--- Exercise description ---
In the listing beneath this line, copy exactly the lines starting with the one containing "- Only use USB" and going on through the one containing "14年前,也就是2012年11月,皇马3-2致胜球 曼城,在C罗打进最后得分 后,穆里尼奥再度滑跪庆祝。".

--- Extracted entries ---
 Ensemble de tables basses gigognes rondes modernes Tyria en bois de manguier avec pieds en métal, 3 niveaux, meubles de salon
...
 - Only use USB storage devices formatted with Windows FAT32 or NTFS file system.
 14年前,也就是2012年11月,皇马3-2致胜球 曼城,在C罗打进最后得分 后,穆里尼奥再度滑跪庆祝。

--- Response ---
 - Only use USB storage devices formatted with Windows FAT32 or NTFS file system.
 14年前,也就是2012年11月,皇马3-2致胜球 曼城,在C罗打进最后得分 后,穆里尼奥再度滑跪庆祝。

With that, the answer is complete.